As the name suggests, a multimeter is an single meter with the ability to measure several electrical quantities. Nearly all multimeters will include the measurement of at voltage, current and resistance.  Depending on the type and sophistication of the meter, other measurable quantities would include frequency, capacitance and even temperature.  In addition to measurement, some meters include functions such as data logging, diode and continuity testing, instrument loop testing and wireless remote displays.

Commercially, there is a massive range of multimeters available to suit various technical requirements and cost budgets.  Meters vary not in only what the can measure, but in how accurately they make the measurements and the range over which the measurements can be made.   Meters offer different levels of operational safety, varying levels of usability and construction quality.  Making a good selection, is a trade of between all these various elements.

Analogue and Digital Meters

Multimeters come in two types - analogue in which a moving needle displays the measured quantities on a printed scale and digital, where the measured quantity is read on an LCD display.

In industry, digital meters tend to dominate due to there ease of use.  Some users prefer analogue, particularly if quantities are varying as it can be more easy to get a feel for ranges.  On analogue meters, measurements can be peripherally viewed  by noting the approximate location of the needle on the scale.  

Parallax Error: in an analogue meter, the needle is above the scale and if the reading is not taken by looking directly on to the needle a visual error can occur.  Better quality meters will include a mirror on the scale, which if the user aligns the needle with its image  will avoid any parallax error.

Average or True RMS

Sanwa SH-88TR Analogue
Multimeter In a perfect sine wave, the average and RMS (root mean square) values of current are related to the peak by constant factors (2/pi =0.636  and 1/√2 = 0.707 respectively).  Many meters will measure the average value of an a.c. waveform and calculate the peak and RMS values by applying these scaling factors.

In real life situations, an a.c. waveform is often very different from that of a perfect sine wave.  Using an averaging meter in this instance would lead to errors.  True RMS meters will take into account the non-pure sinusoidal nature of the waveform being measured and return accurate RMS values of any measured quantity.  True RMS meters tend to be more expensive, although in many applications this extra cost is justified.

Tip:  many electrical systems involve the use of variable frequency drives.  In these devices, a synthetic sine wave is generated by adjusting the width of high frequency pules.  Many multimeters are designed, rated and calibrated for frequencies around 50 or 60 Hz.  Within a variable frequency drive, while the output frequency is stated as being around these levels, the reality of it's high frequency generation, may give unreliable readings on multimeters not designed for this.

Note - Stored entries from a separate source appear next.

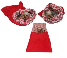 Marysa pelíšek 3v1 pro psy, srdíčka/červený, velikost XL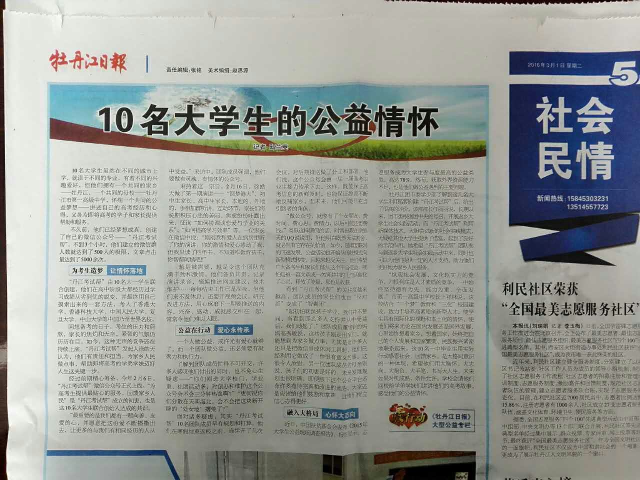 学生与其高中同学的公益故事,他们所创建的微信公众号——“牡丹江考试帮”,不到3小时微信群人数就达到了500人,文章点击量达到5000余次。小力量大汇聚,公益路上有你有我。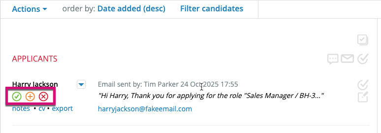 If you have auto-responders set up on your account, an automatic email will be sent to the candidate when you perform any of the three traffic light actions you use to process your applicants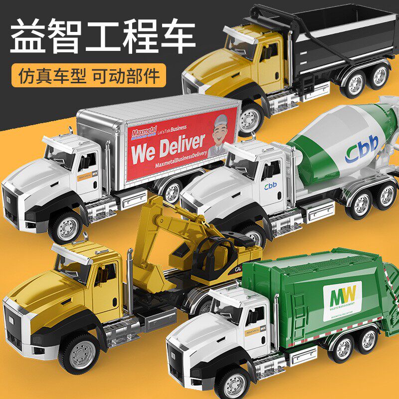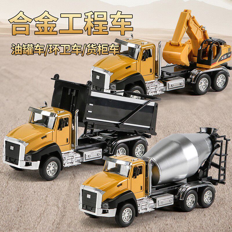 📚 合金工程车玩具回力车模型挖掘机搅拌消防车套装儿童汽车礼物男孩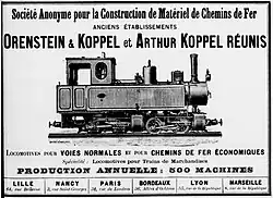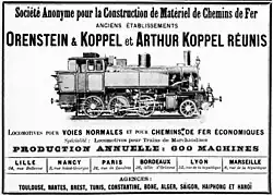 The list of Orenstein & Koppel steam locomotives shows photographically documented samples of representative Orenstein & Koppel (O&K) steam locomotives. The factory produced 14,387 steam locomotives from 1899 to 1945 at its Berlin site (Drewitz, Nowawes, Babelsberg) with the works number range from 337 to 12965.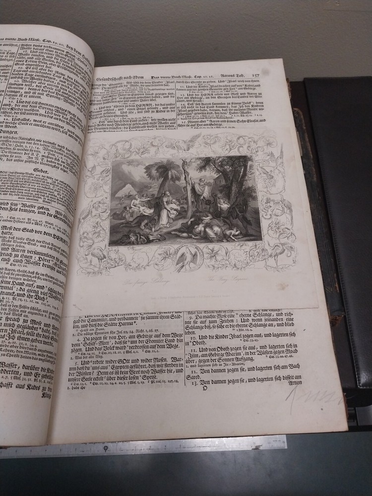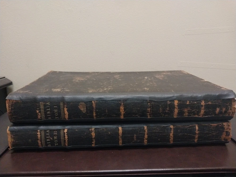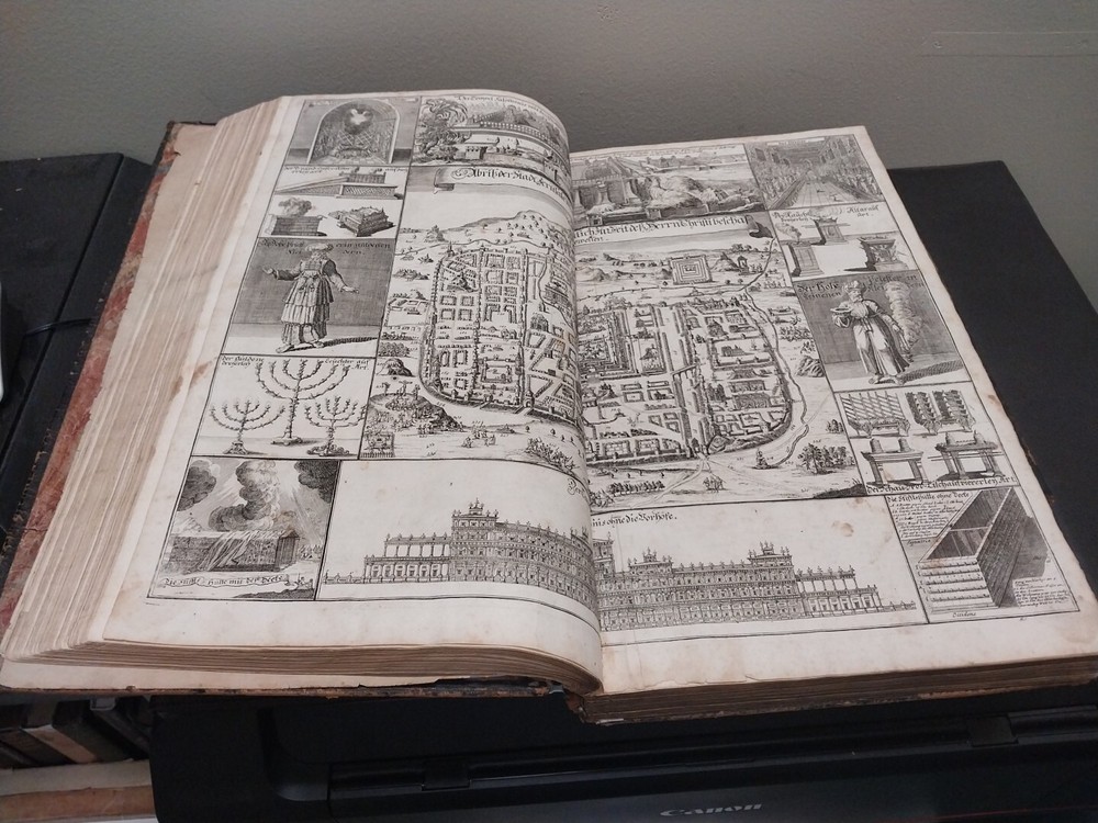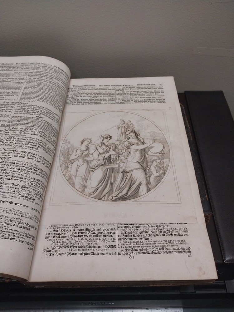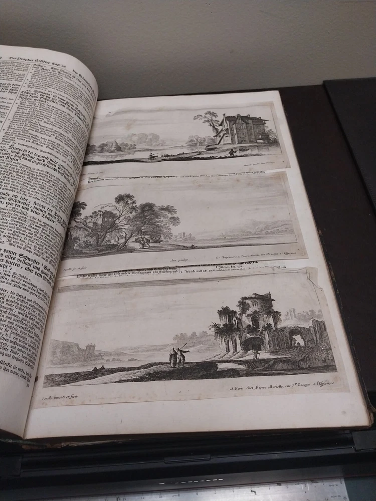 This 1730 2 Volumes Folio Martin Luther Bible (Old Testament Only) is a valuable addition to any collection of antique and collectible books. The hardcover binding and original language make it a rare find for those interested in Christianity and Bibles. With its two volumes, this Bible is perfect for anyone looking to delve into the old testament. Many engravings bound in, mostly in the first volume. This item is a must-have for any book collector or enthusiast. Each measure about 17.25 in x 11.25 in and combined about 4.5 inches thick.

Multimeters intended for use with variable frequency drives should have an appropriate frequency resolution.

Calibration

The accuracy of any measuring device will drift over time.  This is the same for multimeters.  The object of calibration is to adjust the meter to ensure it is performing within its designed accuracy limits.  Calibration is normally performed in a laboratory, where the meter readings are compared to a known reference.

In industry and commercial use, multimeters are subject to being calibrated at periodic intervals (typically yearly).  In these applications before trusting any measurements, it is important to verify the accuracy of the meter by reviewing the calibration certificate and ensuring it is still in date.